◆ Entries provided ◆
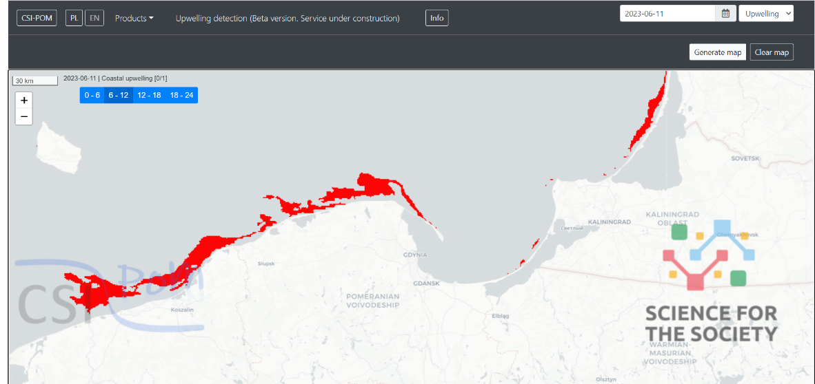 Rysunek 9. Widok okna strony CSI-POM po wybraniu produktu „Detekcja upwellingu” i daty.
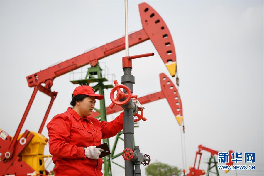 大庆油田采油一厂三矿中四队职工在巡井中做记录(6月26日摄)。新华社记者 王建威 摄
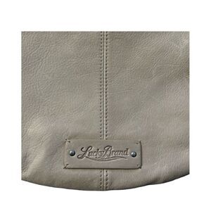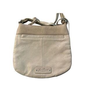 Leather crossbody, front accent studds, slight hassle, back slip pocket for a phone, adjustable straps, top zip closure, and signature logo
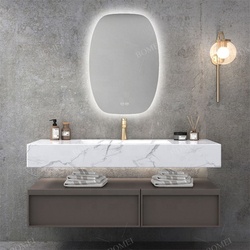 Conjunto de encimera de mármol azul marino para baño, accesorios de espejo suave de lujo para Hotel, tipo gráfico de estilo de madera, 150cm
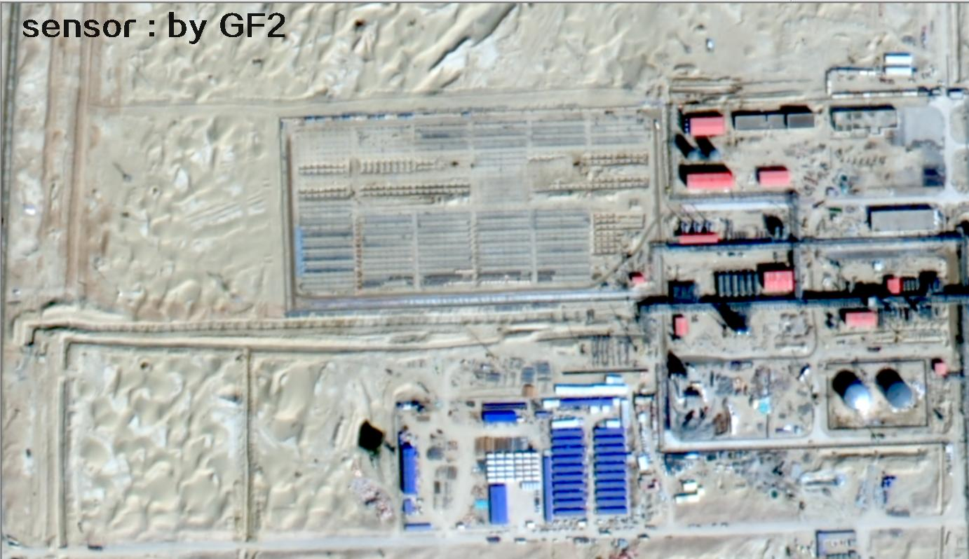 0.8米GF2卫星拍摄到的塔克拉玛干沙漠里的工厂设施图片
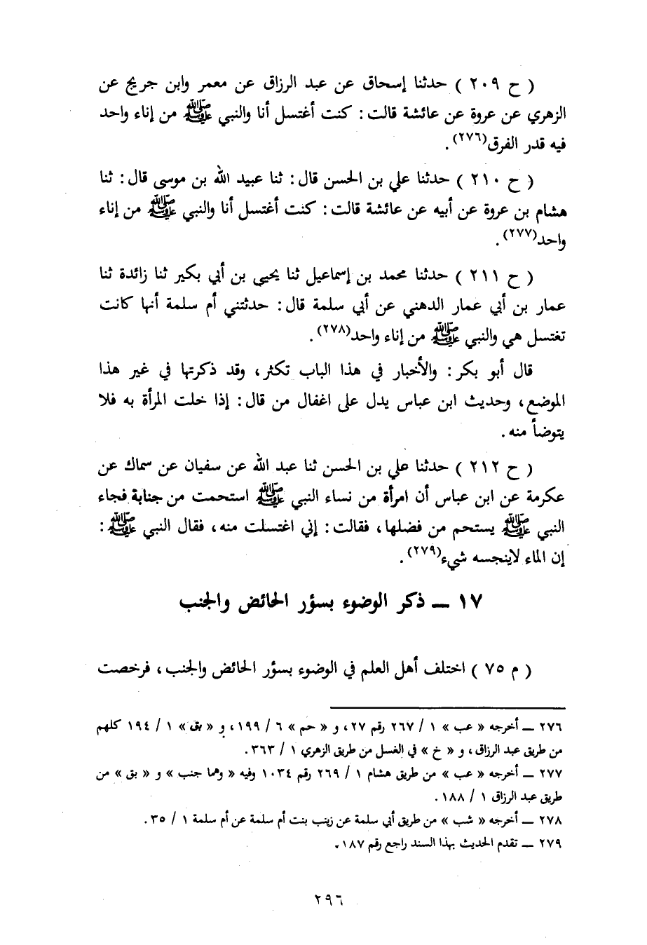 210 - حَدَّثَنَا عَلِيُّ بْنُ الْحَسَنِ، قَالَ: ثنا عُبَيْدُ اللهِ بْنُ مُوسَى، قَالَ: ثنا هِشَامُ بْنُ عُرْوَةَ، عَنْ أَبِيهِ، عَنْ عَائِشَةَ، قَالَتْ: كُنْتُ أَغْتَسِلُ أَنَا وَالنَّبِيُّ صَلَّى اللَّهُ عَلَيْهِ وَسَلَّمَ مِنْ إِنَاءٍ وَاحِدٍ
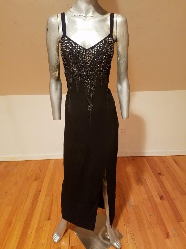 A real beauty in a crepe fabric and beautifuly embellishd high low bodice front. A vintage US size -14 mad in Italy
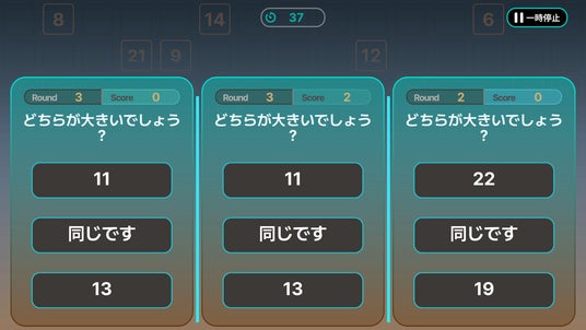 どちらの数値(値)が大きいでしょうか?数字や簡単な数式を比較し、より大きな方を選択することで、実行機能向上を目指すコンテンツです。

==

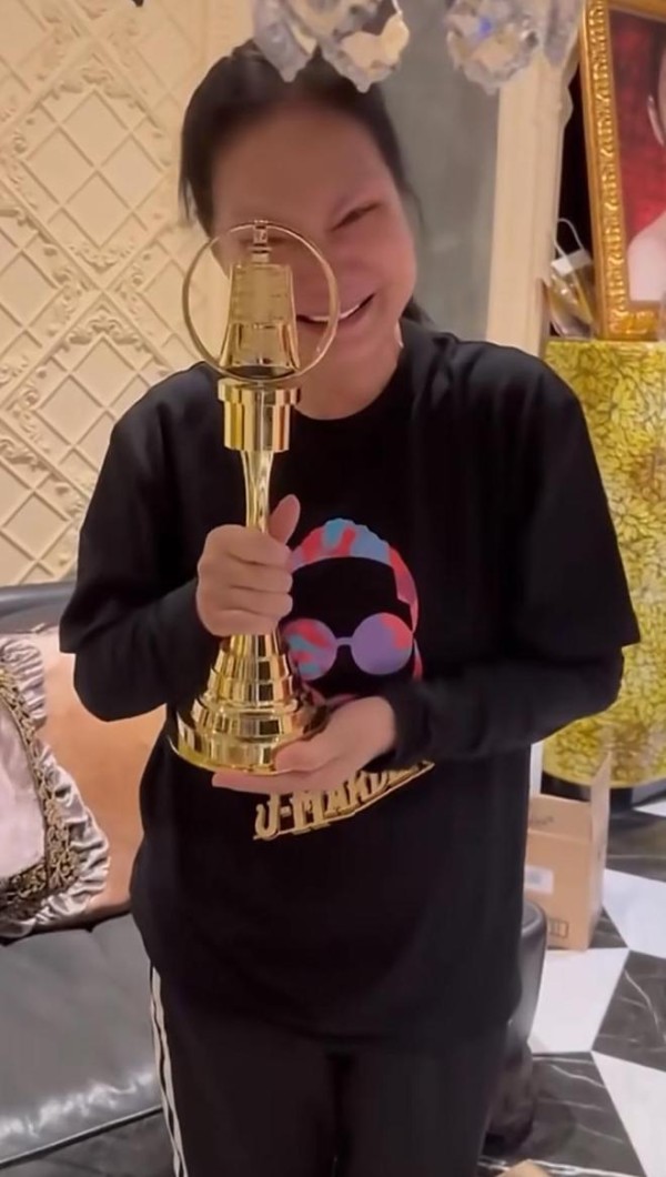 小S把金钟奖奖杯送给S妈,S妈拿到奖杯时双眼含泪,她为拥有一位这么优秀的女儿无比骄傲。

◆ Problem details ◆
Look above for the line containing "0.8米GF2卫星拍摄到的塔克拉玛干沙漠里的工厂设施图片", then copy exactly from it through the line containing "どちらの数値(値)が大きいで", keeping both and leaving out pictures. Add nothing else.

◆ Task answer ◆
 0.8米GF2卫星拍摄到的塔克拉玛干沙漠里的工厂设施图片
 210 - حَدَّثَنَا عَلِيُّ بْنُ الْحَسَنِ، قَالَ: ثنا عُبَيْدُ اللهِ بْنُ مُوسَى، قَالَ: ثنا هِشَامُ بْنُ عُرْوَةَ، عَنْ أَبِيهِ، عَنْ عَائِشَةَ، قَالَتْ: كُنْتُ أَغْتَسِلُ أَنَا وَالنَّبِيُّ صَلَّى اللَّهُ عَلَيْهِ وَسَلَّمَ مِنْ إِنَاءٍ وَاحِدٍ
 A real beauty in a crepe fabric and beautifuly embellishd high low bodice front. A vintage US size -14 mad in Italy
 どちらの数値(値)が大きいでしょうか?数字や簡単な数式を比較し、より大きな方を選択することで、実行機能向上を目指すコンテンツです。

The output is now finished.